= What is being asked =
For the records that follow, return only the count of lines containing the string "building".

= Information provided =
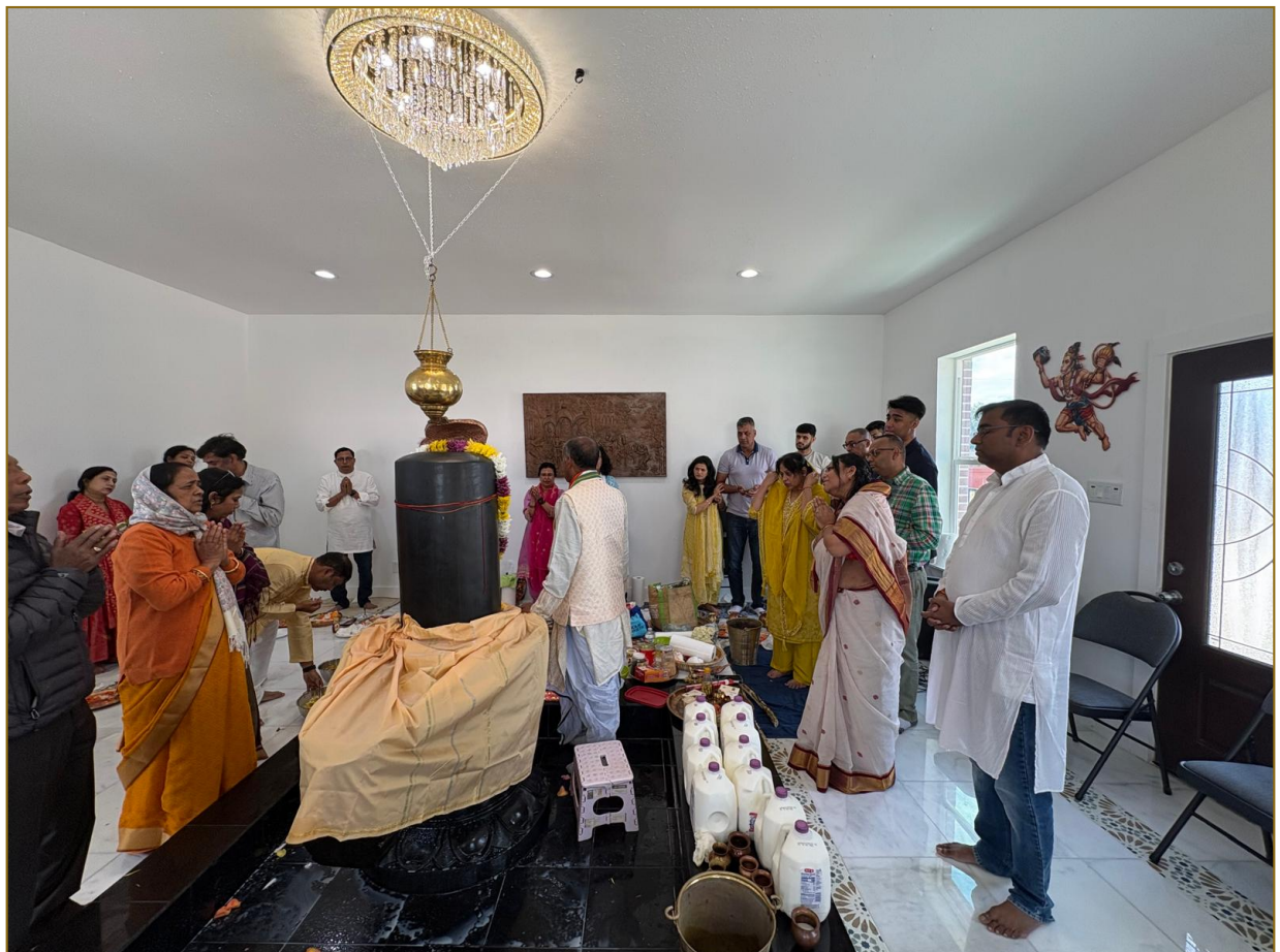
Maha Shivratri 2026 · SDKKM Temple
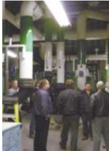
PFMA Canada members investigate the depths of the heating and cooling systems of Chatham-Kent Health Alliance's new St. Joseph's Hospital Wing during a tour on November 25th.
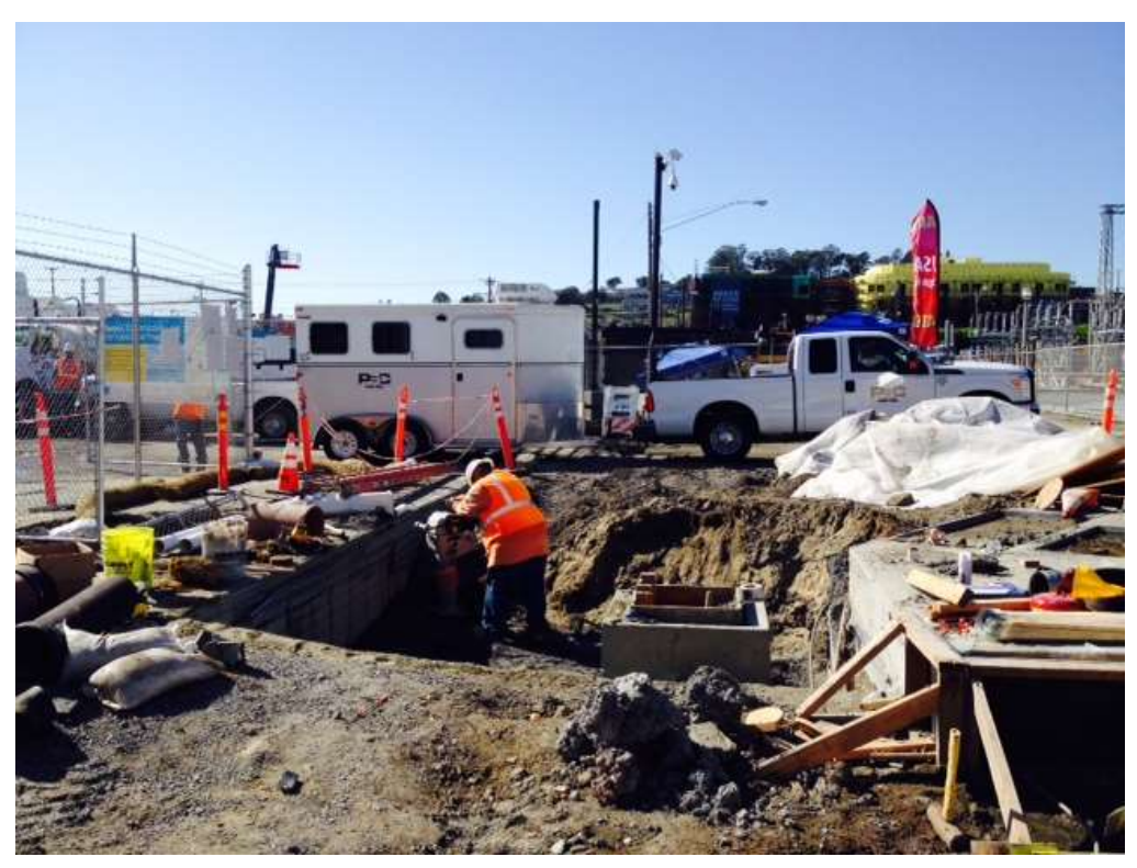
Figure 2 - APEC backfilling around the water and sewer tie-in near the southwest corner of the GIS building, October 26, 2016.
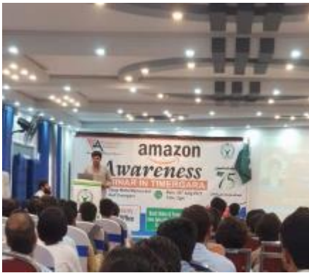
Seminar on Freelancing/amazon awareness in 2022
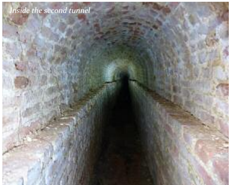
Inside the second tunnel
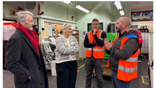
Christmas visit to thank Pontyclun's Royal Mail Postal Workers
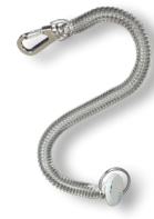
#GS1025 (11.25 in, adhesive disk)
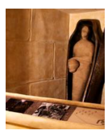
An ancient Egyptian, buried with his favourite bowl (even the bowl looks mummified)

The game was particularly popular in the 19<sup>th</sup> Century when Britain was colonising the world, so it was inevitable that they would take it with them to the colonies.
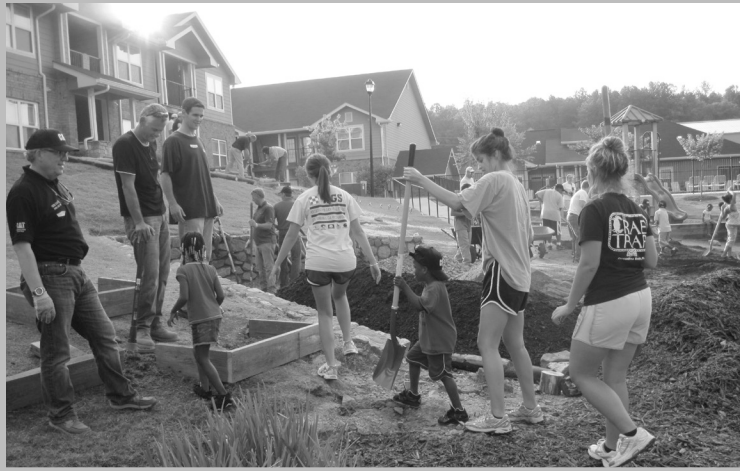
Volunteers from Caterpillar, UGA and Fourth Street residents work together to build a community garden

Thanks to employees from Caterpillar, the residents at Fourth Street Village apartments are enjoying fresh vegetables and beautiful flowers! Several employees from Caterpillar Inc. volunteered their time and brought equipment to build raised garden beds and walkways with materials and compost generously donated by Related Recycling and Supply. Over 50 volunteers and residents came together to build the community garden. Fourth Street Village is home to more than 289 people who benefit from affordable rental housing provided by Athens Land Trust (ALT) and our partners.
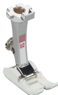
Straight Stitch Foot #52
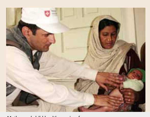
Mother and child health care is a focus of Malteser International's work.

When the internally displaced population returned home after the fighting between militants and army ended, they found many of their health facilities out of use and in terrible condition. To meet this demand, Malteser International rehabilitated and partly reconstructed two Basic Health Units and one Civil Dispensary in the Swat District. The new facilities provide more comfort to female patients, as they include separate waiting and treatment rooms. Furthermore, there will be new space for the training of the community-based Lady Health Workers.
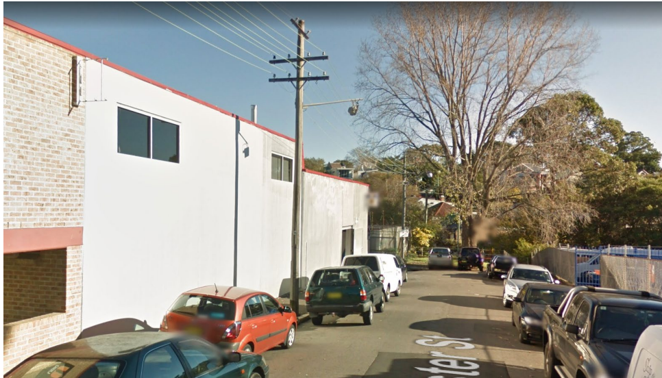
Image 3 - Existing building on the subject site indicating step down towards

In principle, the proponent's intention to retain the existing industrial character is supported, however, the proposed design scheme does not appropriately reflect the existing or desired character and therefore, should not be supported.
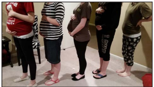
page 2 FAQ.
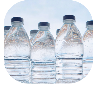
A DRINK BOTTLE YOU CAN REUSE
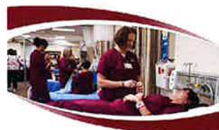
2017 Idaho Community Colleges

= Task response =
2